---- MATERIAL SUPPLIED

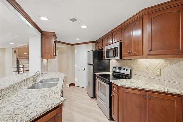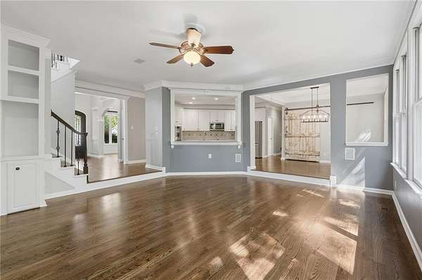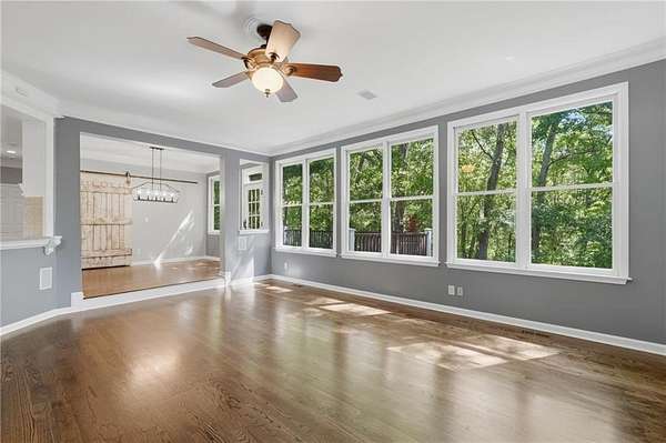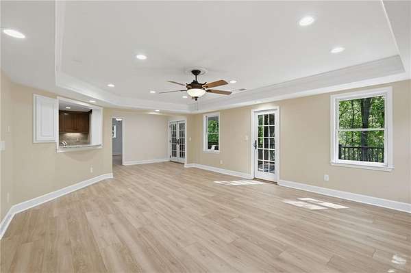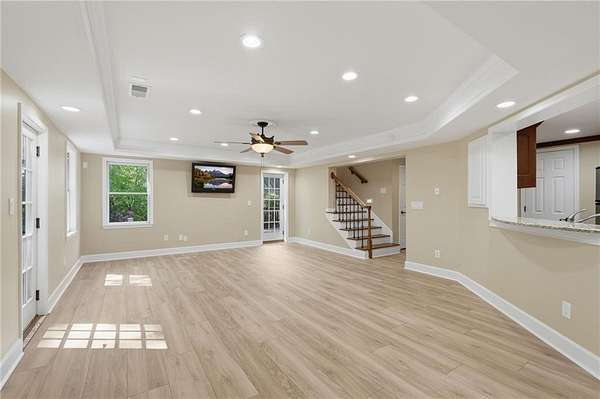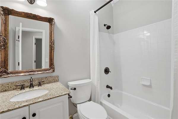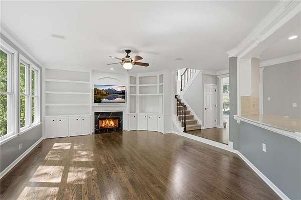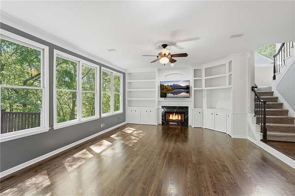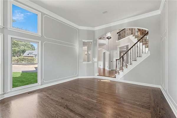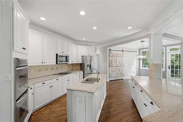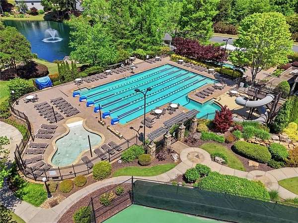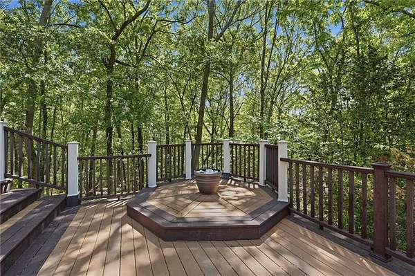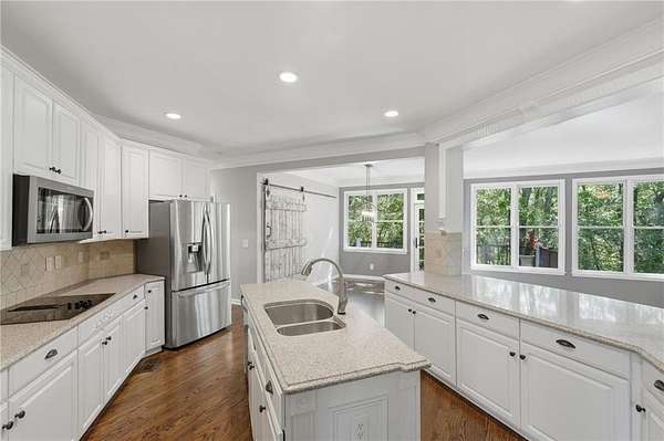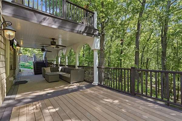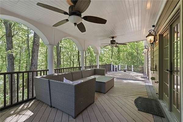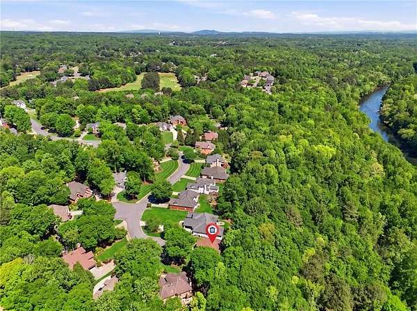 This stunning 6-bedroom, 5-bathroom riverfront home offers the perfect blend of luxury, comfort, and outdoor living on a private 2.45-acre cul-de-sac lot. Nestled in a highly desirable neighborhood within an award-winning school district, this residence provides a peaceful retreat with resort-style amenities just steps away, including championship golf, an Olympic size pool, tennis courts, pickleball courts, basketball courts, and an active social events calender. Step inside through custom iron double entry doors to beautiful brand-new refinished hardwood floors on the main level. The bright living room is flooded with natural light from abundant windows, flowing seamlessly into a formal dining room. The heart of the home features an open-concept kitchen overlooking the family room, complete with built-in shelving for effortless entertaining. A convenient main-level bedroom and full bath, plus a laundry room off the kitchen with direct garage access, complete the first floor. Upstairs, the spacious primary suite is a true retreat with a luxurious en suite bathroom boasting a jetted tub, separate shower, dual vanities, and a generous walk-in closet featuring custom shelving and a secure jewelry lock drawer. Three additional bedrooms and a full bathroom provide ample space for your family . The fully finished walk-out basement is an entertainer's dream, with brand-new LVP flooring throughout. It includes a full second kitchen with pantry, a bedroom, two full bathrooms with heated floors, a second laundry room, a dedicated gym, and generous storage. Outside, enjoy two large Trex decks-one covered-for seamless indoor-outdoor living. The expansive, tree-filled 2.45-acre lot offers ultimate privacy and breathtaking views toward the Chattahoochee River running along the property's edge where you can spend your time kayaking, fishing or just enjoying the sounds of the river! Quiet, private, and perfectly located-this home is a rare find in one of the area's most sought-after communities Olde Atlanta Club. Don't miss your opportunity to make it yours!
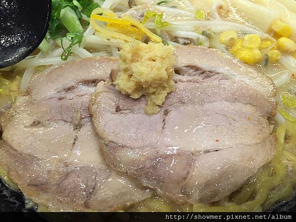 肉片上有一團薑末~~拌入麵中吃更提升了味噌湯頭的濃郁
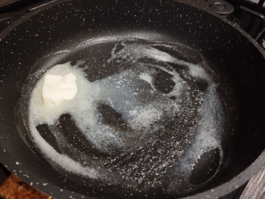 Поставьте сковороду на медленный огонь (у меня это режим 2 из 9) и хорошо прогрейте. На это может потребоваться до 5-7 минут. Выложите кусочек сливочного масла и растопите. Когда масло начнет пузыриться, аккуратно и не торопясь разбейте в сковороду яйца, стараясь сохранить желток целым. Очень важно прогреть сковороду заранее, чтобы белок при соприкосновении с горячей поверхностью сразу схватился и не растекся по всей сковороде тонким слоем.
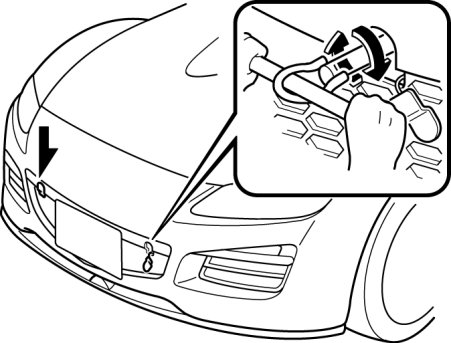 - If the Tie-down eyelet is not securely tightened, it may loosen or disengage from the bumper when tying down the vehicle. Make sure that the Tie-down eyelet is securely tightened to the bumper.
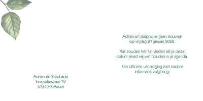 Welke tekst wil je gebruiken? Vul hieronder de gewenste teksten in Namen voorkant (max. 40 karakters) Tekst pagina links (max. 10 regels) Tekst pagina rechts (max. 14 regels) Bekijk voorbeeld Bestel monster van dit kaartje Standaardvoorbeeld buitenzijde Standaardvoorbeeld binnenzijde
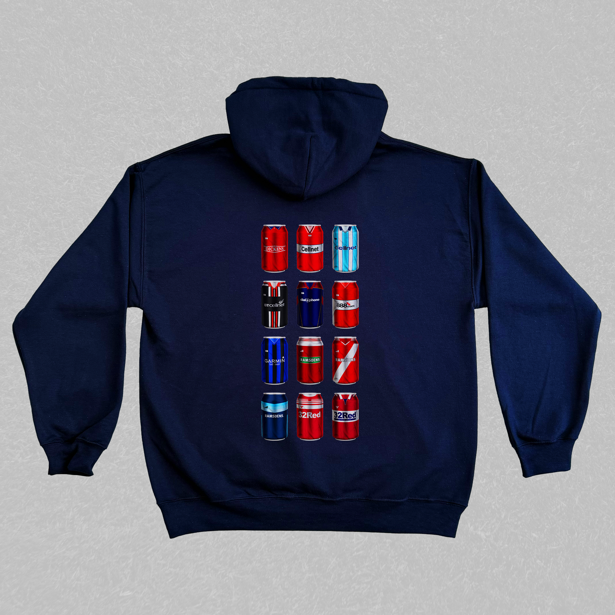 Relive the golden moments of your club’s history with the Classic Can Hoodie — a fan-made masterpiece featuring twelve iconic kits reimagined as collectible beer cans. Every can tells a story of legendary goals, cult heroes, and unforgettable matchdays that shaped your club’s legacy.

--------

Output exactly those lines of the data above that run from the line with "Поставьте сковороду на" up to and including the line with "- If the Tie-down". No pictures go in.

ANSWER:
 Поставьте сковороду на медленный огонь (у меня это режим 2 из 9) и хорошо прогрейте. На это может потребоваться до 5-7 минут. Выложите кусочек сливочного масла и растопите. Когда масло начнет пузыриться, аккуратно и не торопясь разбейте в сковороду яйца, стараясь сохранить желток целым. Очень важно прогреть сковороду заранее, чтобы белок при соприкосновении с горячей поверхностью сразу схватился и не растекся по всей сковороде тонким слоем.
 - If the Tie-down eyelet is not securely tightened, it may loosen or disengage from the bumper when tying down the vehicle. Make sure that the Tie-down eyelet is securely tightened to the bumper.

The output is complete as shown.